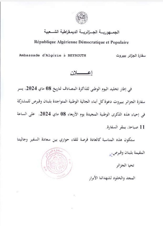 سفارة الجزائر في بيروت تُحيي الذكرى الـ80 لمجازر 8 ماي 1945: ... اقرأ المزيد
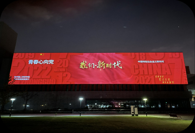 在党支部引领和推动下开展的红色文创,是专业与育人紧密结合的一种工作机制。通过红色文创的“红色文化学习—创作(设计)—制作—传播”,全过程育人模式更加成熟。建筑灯光投影秀《五星出东方》《我们•新时代》,以AR(增强现实)方式制作的党纪学习教育特别展《忠诚与背叛》等,都是以党员教师为骨干,带领员工完成的数字红色文创作品。
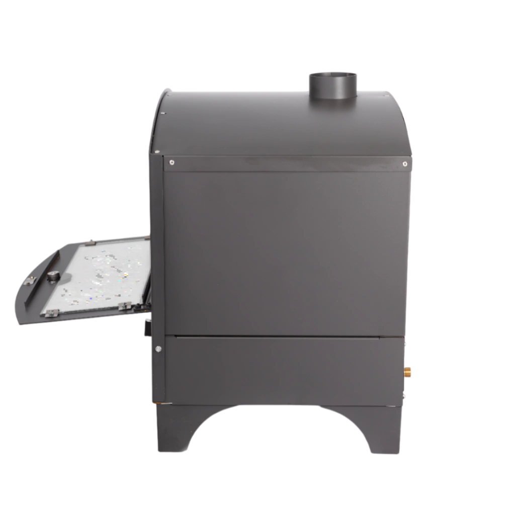 Modalidad: dos niveles, tres alturas de cocción, interior acero inoxidable, parrilla cromada, base de ladrillos refractarios y multigas
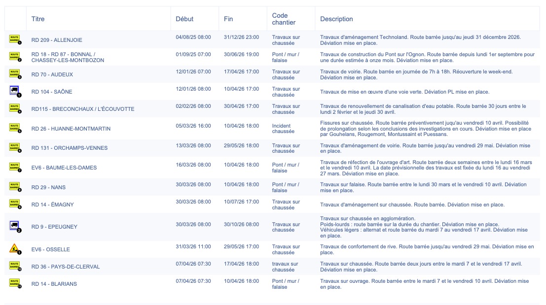 Les perturbations majeures sur le réseau départemental sont consultables sur Le site d’information du Département www.inforoute25.fr
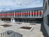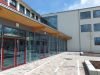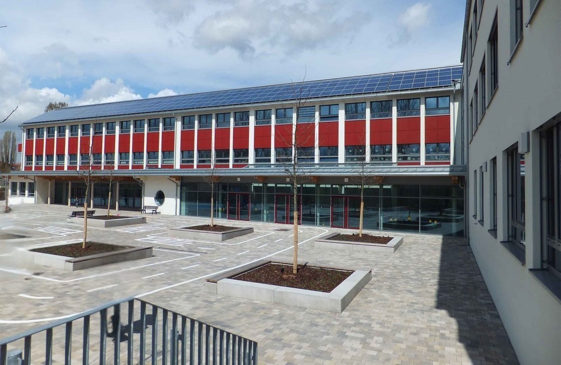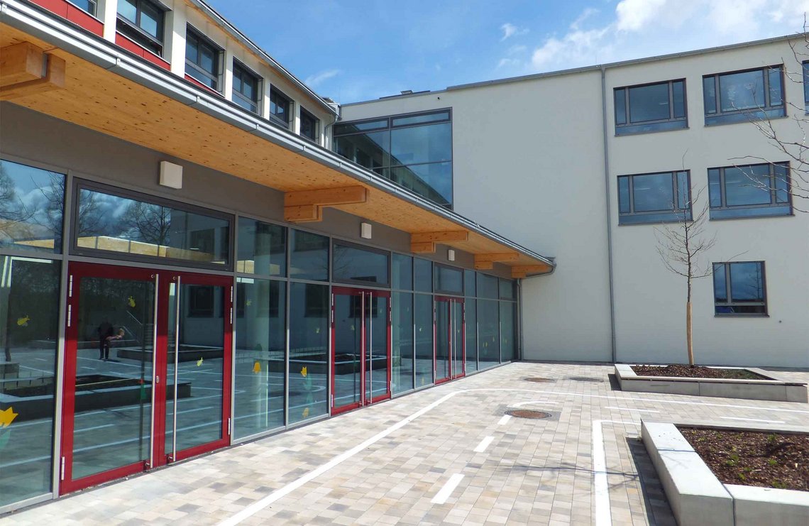 Das 3-geschossige Bestandsgebäude mit Satteldach spiegelt den gestalterischen Zeitgeist der beginnenden 60er Jahre wieder. Der feingliedrige Stahlbetonskelettbau mit aussteifenden Mauerwerksscheiben und enger Fassadenstützenstellung weist erstaunliche Spannweiten auf, die mit Kassetten-/ Rippendecken der damaligen Zeit bewältigt wurden. Die Klassenzimmer der zwei Hauptgeschosse werden direkt von den beiden Treppenhäusern aus erschlossen. Aus diesem Entwurf- und Konstruktionsansatz waren massive Brandschutzprobleme sowie aktuelle Themen der energetischen Sanierung zu bewältigen, ohne dabei den unverwechselbaren Charakter der Fassade zu verändern. Das Sockelgeschoss wurde durch eine konische Pausenhalle ergänzt. Senkrecht zum Bestandsgebäude wurde ein 3-geschossiger Anbau angefügt, der die Fachklassen, den Lehrerbereich und den Hort aufnimmt. Der winkelförmige Gesamtkomplex umschließt einen neugegliederten Pausenhof. Auf Grund fehlender Nebenräume und Lagerflächen wurden im Außenbereich ergänzende Zubauten in einer Holzkonstruktion für Räder-, Müll-, Hausmeister- und Außengerätraum geplant.
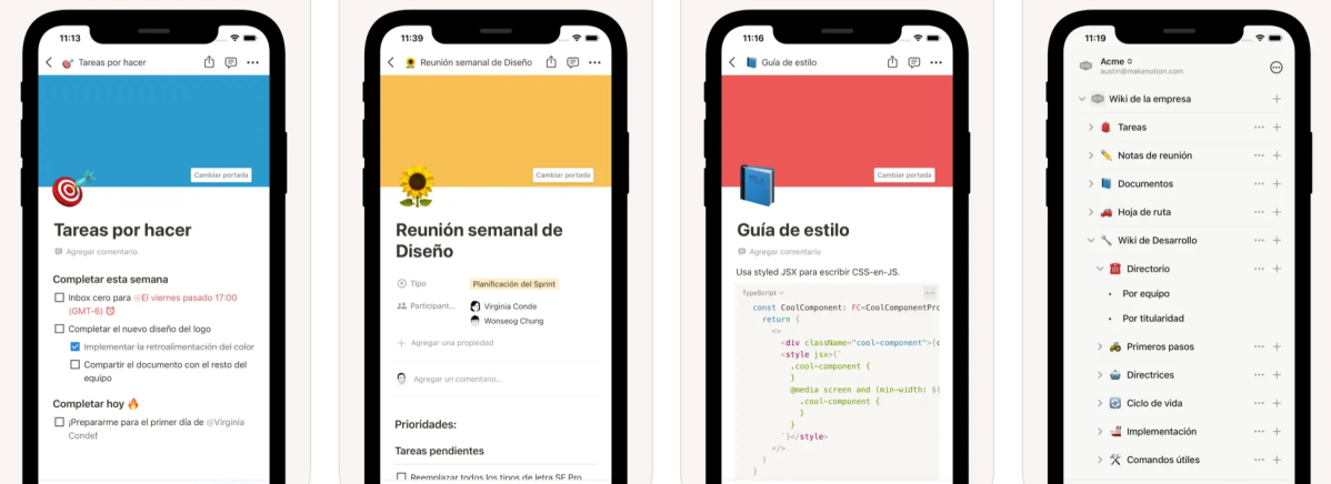– Notion. Gratuita y versiones de pago. Disponible para Web, iOS y Android.
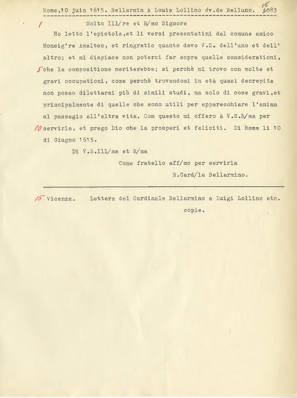 versi presentatimi dal comune amico Monsig're Amalteo, et ringratio quanto devo V.S. dell'uno et dell'altro; et mi dispiace non poterci far sopra quelle considerationi, che la compositione meriterebbe; si perché mi trovo con molte et gravi occupationi, come perché trovandomi in età quasi decrepita non posso dilettarmi più di simili studi, ma solo di solo di cose gravi,et principalmente di quelle che sono utili per apparecchiare l'anima al passagio all'altra vita. con questo mi offero à V.S. R.ma per servirla, et prego Dio che la prosperi et feliciti. Di Roma li 10 di Giugno 1615.
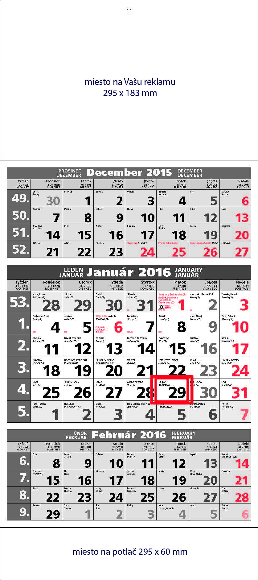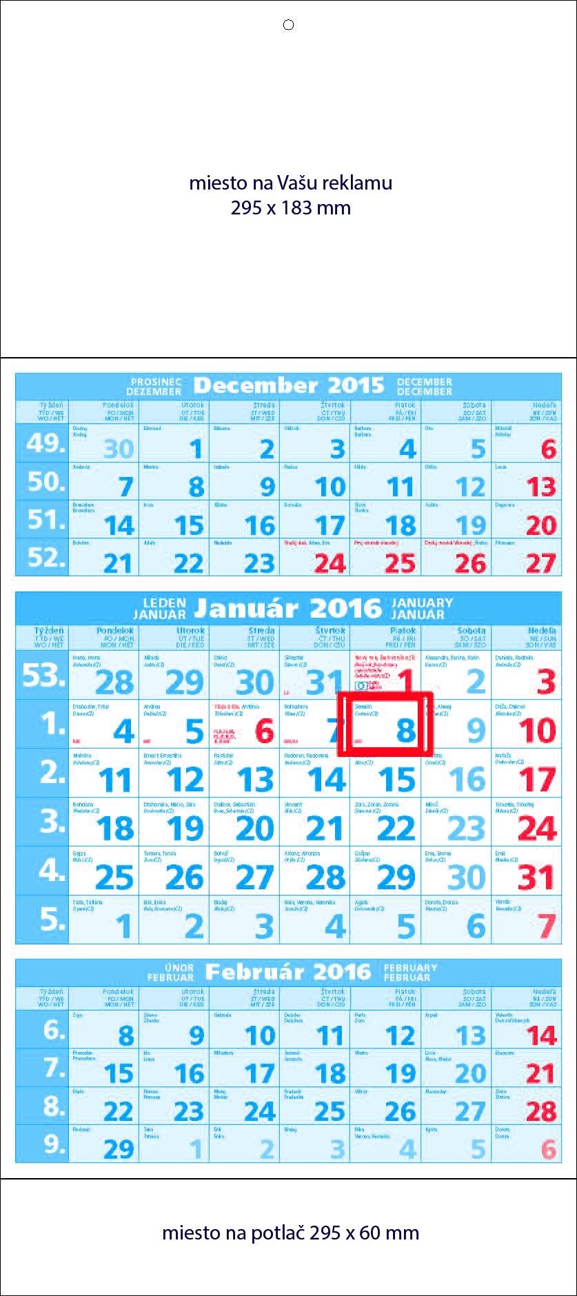 Plánovací trojdielny kalendár 2016
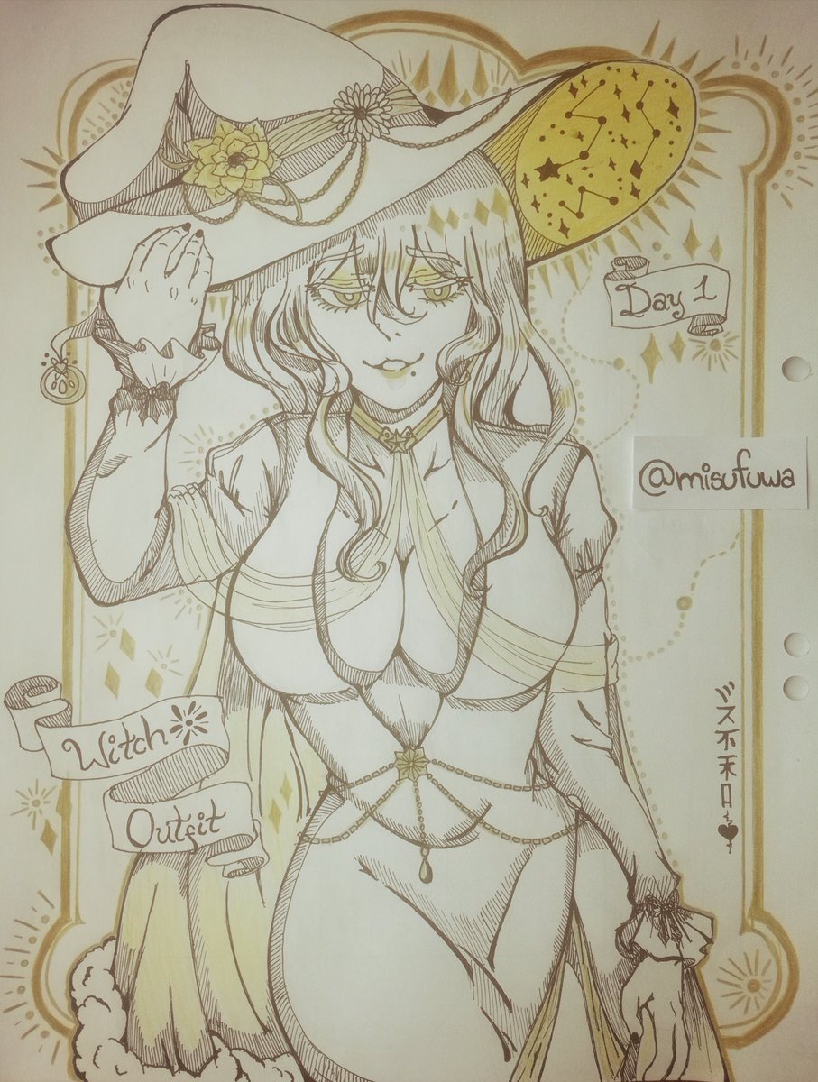 Version of inktober in my style. Day 1, Witch outfit 〜 🌙✨ . . . . . #myart #art #drawing #traditional #traditionalart #inktober2022 #Magictober2022

WHAT IS NEEDED: For every line above, produce an exact transcription that omits the images.

EXERCISE SOLUTION:
 سفارة الجزائر في بيروت تُحيي الذكرى الـ80 لمجازر 8 ماي 1945: ... اقرأ المزيد
 在党支部引领和推动下开展的红色文创,是专业与育人紧密结合的一种工作机制。通过红色文创的“红色文化学习—创作(设计)—制作—传播”,全过程育人模式更加成熟。建筑灯光投影秀《五星出东方》《我们•新时代》,以AR(增强现实)方式制作的党纪学习教育特别展《忠诚与背叛》等,都是以党员教师为骨干,带领员工完成的数字红色文创作品。
 Modalidad: dos niveles, tres alturas de cocción, interior acero inoxidable, parrilla cromada, base de ladrillos refractarios y multigas
 Les perturbations majeures sur le réseau départemental sont consultables sur Le site d’information du Département www.inforoute25.fr
 Das 3-geschossige Bestandsgebäude mit Satteldach spiegelt den gestalterischen Zeitgeist der beginnenden 60er Jahre wieder. Der feingliedrige Stahlbetonskelettbau mit aussteifenden Mauerwerksscheiben und enger Fassadenstützenstellung weist erstaunliche Spannweiten auf, die mit Kassetten-/ Rippendecken der damaligen Zeit bewältigt wurden. Die Klassenzimmer der zwei Hauptgeschosse werden direkt von den beiden Treppenhäusern aus erschlossen. Aus diesem Entwurf- und Konstruktionsansatz waren massive Brandschutzprobleme sowie aktuelle Themen der energetischen Sanierung zu bewältigen, ohne dabei den unverwechselbaren Charakter der Fassade zu verändern. Das Sockelgeschoss wurde durch eine konische Pausenhalle ergänzt. Senkrecht zum Bestandsgebäude wurde ein 3-geschossiger Anbau angefügt, der die Fachklassen, den Lehrerbereich und den Hort aufnimmt. Der winkelförmige Gesamtkomplex umschließt einen neugegliederten Pausenhof. Auf Grund fehlender Nebenräume und Lagerflächen wurden im Außenbereich ergänzende Zubauten in einer Holzkonstruktion für Räder-, Müll-, Hausmeister- und Außengerätraum geplant.
– Notion. Gratuita y versiones de pago. Disponible para Web, iOS y Android.
 versi presentatimi dal comune amico Monsig're Amalteo, et ringratio quanto devo V.S. dell'uno et dell'altro; et mi dispiace non poterci far sopra quelle considerationi, che la compositione meriterebbe; si perché mi trovo con molte et gravi occupationi, come perché trovandomi in età quasi decrepita non posso dilettarmi più di simili studi, ma solo di solo di cose gravi,et principalmente di quelle che sono utili per apparecchiare l'anima al passagio all'altra vita. con questo mi offero à V.S. R.ma per servirla, et prego Dio che la prosperi et feliciti. Di Roma li 10 di Giugno 1615.
 Plánovací trojdielny kalendár 2016
 Version of inktober in my style. Day 1, Witch outfit 〜 🌙✨ . . . . . #myart #art #drawing #traditional #traditionalart #inktober2022 #Magictober2022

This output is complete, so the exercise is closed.